Exercise material:

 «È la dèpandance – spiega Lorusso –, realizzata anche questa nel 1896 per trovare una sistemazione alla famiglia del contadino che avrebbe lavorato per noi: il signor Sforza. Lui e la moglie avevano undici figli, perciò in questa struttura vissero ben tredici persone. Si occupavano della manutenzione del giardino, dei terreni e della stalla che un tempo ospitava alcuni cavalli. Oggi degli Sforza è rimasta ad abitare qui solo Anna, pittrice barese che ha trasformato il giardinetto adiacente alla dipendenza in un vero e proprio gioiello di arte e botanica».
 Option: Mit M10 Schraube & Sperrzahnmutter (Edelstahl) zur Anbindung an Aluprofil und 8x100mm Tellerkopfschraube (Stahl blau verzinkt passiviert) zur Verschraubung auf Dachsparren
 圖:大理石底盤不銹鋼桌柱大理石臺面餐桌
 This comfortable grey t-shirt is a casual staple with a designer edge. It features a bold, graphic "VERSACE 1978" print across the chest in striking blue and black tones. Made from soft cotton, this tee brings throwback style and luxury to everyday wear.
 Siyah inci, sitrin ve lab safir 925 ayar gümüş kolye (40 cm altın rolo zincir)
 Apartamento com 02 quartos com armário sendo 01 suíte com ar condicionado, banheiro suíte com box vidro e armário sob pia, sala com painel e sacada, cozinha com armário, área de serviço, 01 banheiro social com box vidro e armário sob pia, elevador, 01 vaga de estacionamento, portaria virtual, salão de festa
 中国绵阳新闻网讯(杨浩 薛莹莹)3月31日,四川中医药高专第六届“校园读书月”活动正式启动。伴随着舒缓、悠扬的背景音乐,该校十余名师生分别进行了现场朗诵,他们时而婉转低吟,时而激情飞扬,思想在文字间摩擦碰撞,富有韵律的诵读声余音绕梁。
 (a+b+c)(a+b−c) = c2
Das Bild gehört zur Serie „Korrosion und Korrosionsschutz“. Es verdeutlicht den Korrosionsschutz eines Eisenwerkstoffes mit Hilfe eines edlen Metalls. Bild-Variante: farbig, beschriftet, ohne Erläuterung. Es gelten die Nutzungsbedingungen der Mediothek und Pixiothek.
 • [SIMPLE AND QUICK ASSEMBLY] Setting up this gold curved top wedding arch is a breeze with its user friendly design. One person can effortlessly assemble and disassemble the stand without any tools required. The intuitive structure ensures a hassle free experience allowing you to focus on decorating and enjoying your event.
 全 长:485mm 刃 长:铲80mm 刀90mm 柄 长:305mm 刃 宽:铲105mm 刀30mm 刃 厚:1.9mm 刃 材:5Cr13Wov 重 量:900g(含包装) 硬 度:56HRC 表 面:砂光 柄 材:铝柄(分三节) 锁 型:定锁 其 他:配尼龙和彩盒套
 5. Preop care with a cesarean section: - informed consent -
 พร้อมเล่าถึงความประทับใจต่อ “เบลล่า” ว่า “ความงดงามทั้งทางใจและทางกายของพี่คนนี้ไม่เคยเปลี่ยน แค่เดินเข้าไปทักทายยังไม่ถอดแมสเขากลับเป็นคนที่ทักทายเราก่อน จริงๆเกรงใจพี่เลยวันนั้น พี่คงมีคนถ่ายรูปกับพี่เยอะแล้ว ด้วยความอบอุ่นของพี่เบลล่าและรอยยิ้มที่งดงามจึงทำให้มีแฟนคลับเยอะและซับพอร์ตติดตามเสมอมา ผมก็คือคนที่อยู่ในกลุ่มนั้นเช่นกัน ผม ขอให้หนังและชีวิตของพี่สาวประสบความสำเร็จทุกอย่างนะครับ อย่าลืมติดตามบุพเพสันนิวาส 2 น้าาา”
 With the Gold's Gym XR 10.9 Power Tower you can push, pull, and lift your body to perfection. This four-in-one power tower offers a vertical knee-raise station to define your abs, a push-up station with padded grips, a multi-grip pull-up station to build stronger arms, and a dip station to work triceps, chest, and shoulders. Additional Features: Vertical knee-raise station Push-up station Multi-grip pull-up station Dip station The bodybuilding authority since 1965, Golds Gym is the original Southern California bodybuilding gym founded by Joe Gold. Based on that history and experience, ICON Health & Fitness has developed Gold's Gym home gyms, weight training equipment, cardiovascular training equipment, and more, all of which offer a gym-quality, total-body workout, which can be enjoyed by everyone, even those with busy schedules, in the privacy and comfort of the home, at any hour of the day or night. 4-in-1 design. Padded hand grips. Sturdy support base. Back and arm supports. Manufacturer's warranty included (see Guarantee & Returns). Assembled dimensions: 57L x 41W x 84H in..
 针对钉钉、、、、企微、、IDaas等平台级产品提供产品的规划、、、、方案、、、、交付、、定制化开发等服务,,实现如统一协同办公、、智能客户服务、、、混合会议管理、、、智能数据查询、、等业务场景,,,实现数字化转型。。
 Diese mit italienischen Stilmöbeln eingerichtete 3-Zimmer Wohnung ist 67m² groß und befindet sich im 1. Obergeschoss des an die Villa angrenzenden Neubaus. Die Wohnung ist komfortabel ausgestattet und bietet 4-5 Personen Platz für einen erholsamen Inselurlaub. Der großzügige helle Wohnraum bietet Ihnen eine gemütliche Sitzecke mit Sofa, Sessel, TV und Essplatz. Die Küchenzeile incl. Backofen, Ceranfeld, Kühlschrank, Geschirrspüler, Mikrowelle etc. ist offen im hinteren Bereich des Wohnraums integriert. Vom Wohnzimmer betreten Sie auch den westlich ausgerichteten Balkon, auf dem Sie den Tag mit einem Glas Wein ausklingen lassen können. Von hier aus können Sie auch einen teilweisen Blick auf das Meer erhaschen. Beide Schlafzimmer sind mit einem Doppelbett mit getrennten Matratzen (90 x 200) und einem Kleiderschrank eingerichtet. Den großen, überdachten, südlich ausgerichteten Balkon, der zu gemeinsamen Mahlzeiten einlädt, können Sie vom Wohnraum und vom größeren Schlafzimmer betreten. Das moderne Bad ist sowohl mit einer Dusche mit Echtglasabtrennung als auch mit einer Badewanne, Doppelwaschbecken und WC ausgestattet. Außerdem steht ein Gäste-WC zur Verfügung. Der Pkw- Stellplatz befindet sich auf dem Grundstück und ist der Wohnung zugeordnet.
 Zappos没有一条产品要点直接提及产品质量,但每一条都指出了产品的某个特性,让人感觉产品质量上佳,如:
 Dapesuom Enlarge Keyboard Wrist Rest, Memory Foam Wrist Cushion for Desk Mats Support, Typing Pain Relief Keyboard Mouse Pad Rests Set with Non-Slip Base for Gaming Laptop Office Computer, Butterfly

About this task: Please transcribe the full listing exactly, down to the last line.

Solution for this exercise:
 «È la dèpandance – spiega Lorusso –, realizzata anche questa nel 1896 per trovare una sistemazione alla famiglia del contadino che avrebbe lavorato per noi: il signor Sforza. Lui e la moglie avevano undici figli, perciò in questa struttura vissero ben tredici persone. Si occupavano della manutenzione del giardino, dei terreni e della stalla che un tempo ospitava alcuni cavalli. Oggi degli Sforza è rimasta ad abitare qui solo Anna, pittrice barese che ha trasformato il giardinetto adiacente alla dipendenza in un vero e proprio gioiello di arte e botanica».
 Option: Mit M10 Schraube & Sperrzahnmutter (Edelstahl) zur Anbindung an Aluprofil und 8x100mm Tellerkopfschraube (Stahl blau verzinkt passiviert) zur Verschraubung auf Dachsparren
 圖:大理石底盤不銹鋼桌柱大理石臺面餐桌
 This comfortable grey t-shirt is a casual staple with a designer edge. It features a bold, graphic "VERSACE 1978" print across the chest in striking blue and black tones. Made from soft cotton, this tee brings throwback style and luxury to everyday wear.
 Siyah inci, sitrin ve lab safir 925 ayar gümüş kolye (40 cm altın rolo zincir)
 Apartamento com 02 quartos com armário sendo 01 suíte com ar condicionado, banheiro suíte com box vidro e armário sob pia, sala com painel e sacada, cozinha com armário, área de serviço, 01 banheiro social com box vidro e armário sob pia, elevador, 01 vaga de estacionamento, portaria virtual, salão de festa
 中国绵阳新闻网讯(杨浩 薛莹莹)3月31日,四川中医药高专第六届“校园读书月”活动正式启动。伴随着舒缓、悠扬的背景音乐,该校十余名师生分别进行了现场朗诵,他们时而婉转低吟,时而激情飞扬,思想在文字间摩擦碰撞,富有韵律的诵读声余音绕梁。
 (a+b+c)(a+b−c) = c2
Das Bild gehört zur Serie „Korrosion und Korrosionsschutz“. Es verdeutlicht den Korrosionsschutz eines Eisenwerkstoffes mit Hilfe eines edlen Metalls. Bild-Variante: farbig, beschriftet, ohne Erläuterung. Es gelten die Nutzungsbedingungen der Mediothek und Pixiothek.
 • [SIMPLE AND QUICK ASSEMBLY] Setting up this gold curved top wedding arch is a breeze with its user friendly design. One person can effortlessly assemble and disassemble the stand without any tools required. The intuitive structure ensures a hassle free experience allowing you to focus on decorating and enjoying your event.
 全 长:485mm 刃 长:铲80mm 刀90mm 柄 长:305mm 刃 宽:铲105mm 刀30mm 刃 厚:1.9mm 刃 材:5Cr13Wov 重 量:900g(含包装) 硬 度:56HRC 表 面:砂光 柄 材:铝柄(分三节) 锁 型:定锁 其 他:配尼龙和彩盒套
 5. Preop care with a cesarean section: - informed consent -
 พร้อมเล่าถึงความประทับใจต่อ “เบลล่า” ว่า “ความงดงามทั้งทางใจและทางกายของพี่คนนี้ไม่เคยเปลี่ยน แค่เดินเข้าไปทักทายยังไม่ถอดแมสเขากลับเป็นคนที่ทักทายเราก่อน จริงๆเกรงใจพี่เลยวันนั้น พี่คงมีคนถ่ายรูปกับพี่เยอะแล้ว ด้วยความอบอุ่นของพี่เบลล่าและรอยยิ้มที่งดงามจึงทำให้มีแฟนคลับเยอะและซับพอร์ตติดตามเสมอมา ผมก็คือคนที่อยู่ในกลุ่มนั้นเช่นกัน ผม ขอให้หนังและชีวิตของพี่สาวประสบความสำเร็จทุกอย่างนะครับ อย่าลืมติดตามบุพเพสันนิวาส 2 น้าาา”
 With the Gold's Gym XR 10.9 Power Tower you can push, pull, and lift your body to perfection. This four-in-one power tower offers a vertical knee-raise station to define your abs, a push-up station with padded grips, a multi-grip pull-up station to build stronger arms, and a dip station to work triceps, chest, and shoulders. Additional Features: Vertical knee-raise station Push-up station Multi-grip pull-up station Dip station The bodybuilding authority since 1965, Golds Gym is the original Southern California bodybuilding gym founded by Joe Gold. Based on that history and experience, ICON Health & Fitness has developed Gold's Gym home gyms, weight training equipment, cardiovascular training equipment, and more, all of which offer a gym-quality, total-body workout, which can be enjoyed by everyone, even those with busy schedules, in the privacy and comfort of the home, at any hour of the day or night. 4-in-1 design. Padded hand grips. Sturdy support base. Back and arm supports. Manufacturer's warranty included (see Guarantee & Returns). Assembled dimensions: 57L x 41W x 84H in..
 针对钉钉、、、、企微、、IDaas等平台级产品提供产品的规划、、、、方案、、、、交付、、定制化开发等服务,,实现如统一协同办公、、智能客户服务、、、混合会议管理、、、智能数据查询、、等业务场景,,,实现数字化转型。。
 Diese mit italienischen Stilmöbeln eingerichtete 3-Zimmer Wohnung ist 67m² groß und befindet sich im 1. Obergeschoss des an die Villa angrenzenden Neubaus. Die Wohnung ist komfortabel ausgestattet und bietet 4-5 Personen Platz für einen erholsamen Inselurlaub. Der großzügige helle Wohnraum bietet Ihnen eine gemütliche Sitzecke mit Sofa, Sessel, TV und Essplatz. Die Küchenzeile incl. Backofen, Ceranfeld, Kühlschrank, Geschirrspüler, Mikrowelle etc. ist offen im hinteren Bereich des Wohnraums integriert. Vom Wohnzimmer betreten Sie auch den westlich ausgerichteten Balkon, auf dem Sie den Tag mit einem Glas Wein ausklingen lassen können. Von hier aus können Sie auch einen teilweisen Blick auf das Meer erhaschen. Beide Schlafzimmer sind mit einem Doppelbett mit getrennten Matratzen (90 x 200) und einem Kleiderschrank eingerichtet. Den großen, überdachten, südlich ausgerichteten Balkon, der zu gemeinsamen Mahlzeiten einlädt, können Sie vom Wohnraum und vom größeren Schlafzimmer betreten. Das moderne Bad ist sowohl mit einer Dusche mit Echtglasabtrennung als auch mit einer Badewanne, Doppelwaschbecken und WC ausgestattet. Außerdem steht ein Gäste-WC zur Verfügung. Der Pkw- Stellplatz befindet sich auf dem Grundstück und ist der Wohnung zugeordnet.
 Zappos没有一条产品要点直接提及产品质量,但每一条都指出了产品的某个特性,让人感觉产品质量上佳,如:
 Dapesuom Enlarge Keyboard Wrist Rest, Memory Foam Wrist Cushion for Desk Mats Support, Typing Pain Relief Keyboard Mouse Pad Rests Set with Non-Slip Base for Gaming Laptop Office Computer, Butterfly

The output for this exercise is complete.